On top of the $629 I spent on this stuff I still need to:

-Notch the radiator$$$$

-Get a shaft & u joint $$$ OR just cut up mine & weld it & SAVE money.

Or I can return some of those parts and buy the centerlink adapter and STILL notch the radiator so box sits properly. $$$ 

OR

I can return the entire CCP Kit and buy a Borgunson kit. According to Fine59Bel it's too easy to steer. I wonder how it's going for you now? What to do??

Hopefully I can get some more words from the folks that did this? What do you think I should do? Feel Free to Chime in.

Thanks. X


----------



## SLICK62

This is where I got my conversion from:

chevychevy.com

Frank is an old guy who is happy to help and basically walked me through the whole setup over the phone before I purchased it. Hope this helps!


----------



## sand1

i jus did mine new box and i got the rag joint of a g body car was real easy


----------



## jack1963

how much do u grind off the 605 gearbox for the ps pulley to have some clearance. i didnt want to grind it because there is a little ear with looks like a plug there


----------



## jack1963

its a 63 impala by the way


----------



## nate64

> _Originally posted by OVERTIME_@Apr 12 2010, 08:29 AM~17167248
> *my box isnt from ccp either its a 605 box not the 500 it seems like alot of info is left out on these conversions like how much of a pain in the ass it is. i think they do that so people dont shy away from doing it. but once its done its way nice and worth it. when you finish yours we should put up a step by step thing for both models and problems that may come up during the conversion.
> *


 :thumbsup:


----------



## OVERTIME

> _Originally posted by jack1963_@Feb 19 2011, 09:37 PM~19912847
> *how much do u grind off the 605 gearbox for the ps pulley to have some clearance. i didnt want to grind it because there is a little ear with looks like a plug there
> *


NOT A WHOLE LOT I HAD TO GRIND ON MINE A LITTLE


----------



## jack1963

thank you sir


----------



## jack1963

> _Originally posted by OVERTIME_@Feb 21 2011, 05:19 PM~19925822
> *NOT A WHOLE LOT I HAD TO GRIND ON MINE A LITTLE
> *


thank you sir


----------



## xavierthexman

> _Originally posted by nate64_@Feb 21 2011, 12:59 AM~19921551
> *:thumbsup: ON STEP BY STEP
> *


*CPP 500 box install on my '61.*
So I took out the old steering and started putting the new one and came up with some problems.

OLD Steering









That was easy...now the hard part...installing it. You folks said it was an easy bolt on and so far it is not unless I'm doing something wrong. *CORRECTION!!!!* There is some drilling involved in this set up for 1961 Impala. I had to make the holes bigger for the bolts to fit. not a problem I can do that.
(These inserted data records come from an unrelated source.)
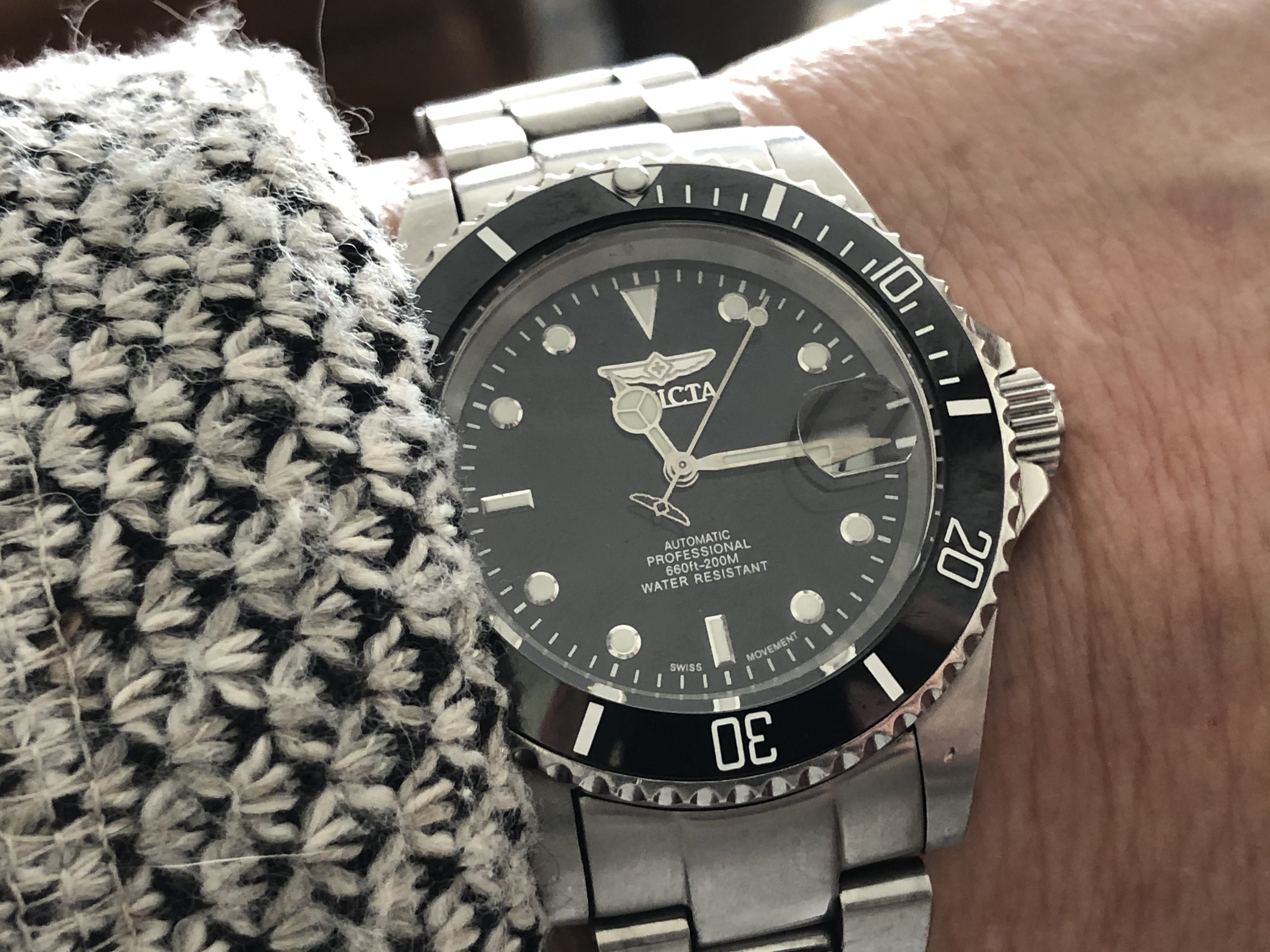 I let my two dogs, Fergus and Charlie, out this morning as usual to “do their business”. Not so usual, actually a first, Charlie returned carrying a deer’s head. I now need to tramp out in the snow to find the rest of the deer and remove it so if doesn’t become the luncheon buffet for Fergus and Charlie. The right tools for the jobs....an indestructible ETA 2824-2 powered Invicta ref. 9937, a pickaxe and a chainsaw, as the deer is undoubtedly frozen in the ice and snow...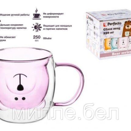 Кружка стеклянная с двойными стенками, 250 мл, розовая, серия Bear, PERFECTO LINEA (Стеклянная кружка ручной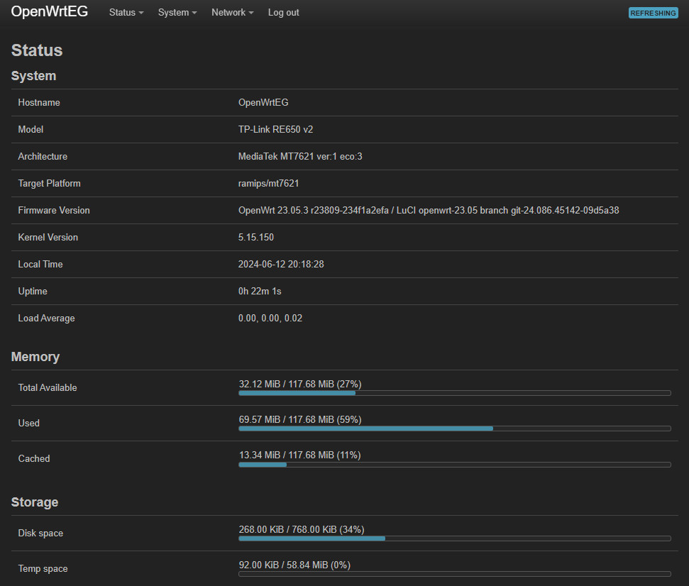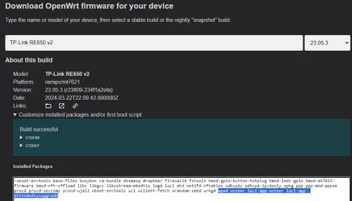 The TP-Link RE650 v2 has only 768KiB disk space, but I was able to add the complete wpad package, usteer and luci-attendedsysupgrade via the Attendedsysupgrade. The storage space required for this is only 268 KiB, although wpad would require 695 KiB if installed via System / Software: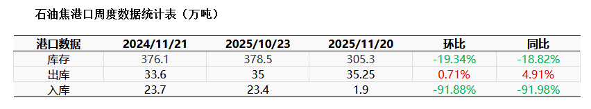 四季度開始國內石油焦市場延續上行走勢,市場整體成交表現活躍。由于前期外盤價格高位貿易商操盤謹慎,石油焦整體到港進口量減少,下游市場成交氛圍積極,港口現貨去庫速度加快。11月開始石油焦進口到港量減少,貿易商執行訂單合同積極疏港走量,市場整體出庫量大于入庫量,港口庫存降至305.3萬噸。

Gear box is much bigger and it hits the 3 core Radiator. 









3 inches is what I have from the radiator. Time to nocth it!








YES. The NEW 500 Box is hitting my 3 core radiator? 

Also, I bought the rag joint but ANOTHER FAB I need to do to make this work









They didn't tell me I needed to buy a new shaft as well to fit the NEW rag joint I bought or Fab mine.

















I guess I NEED a MALE shaft??? Or cutting.


----------



## xavierthexman

SOMEBODY recommend this instead of fab.

_"I feel this kit from Eckler's is a much easier and frankly SAFER way to replace, not adapt the intermediate shaft on the 58-64 for the 500 series box. I wouldn't want to trust an amateur's weld or a roll pin on such a critical joint. Using a correctly splined shaft on all connections & new u joint makes for a safe, easy BOLT ON installation._
http://www.lategreatchevy.com/chevy-605-or-500-ser...


----------



## xavierthexman

OK, here is the CPP 500 box installed. I had to change 
the pressure hose because the angle on it wasn't working. 
I went to the parker store and had one redone. 
I wonder if CPP will give me my money back for the unused one? 

Here it is installed and sitting nice. :toast:


----------



## xavierthexman

Did some cutting today.  I measured 10 times just to be sure, preinstalled everything too and I prayed to the Chevy gods.  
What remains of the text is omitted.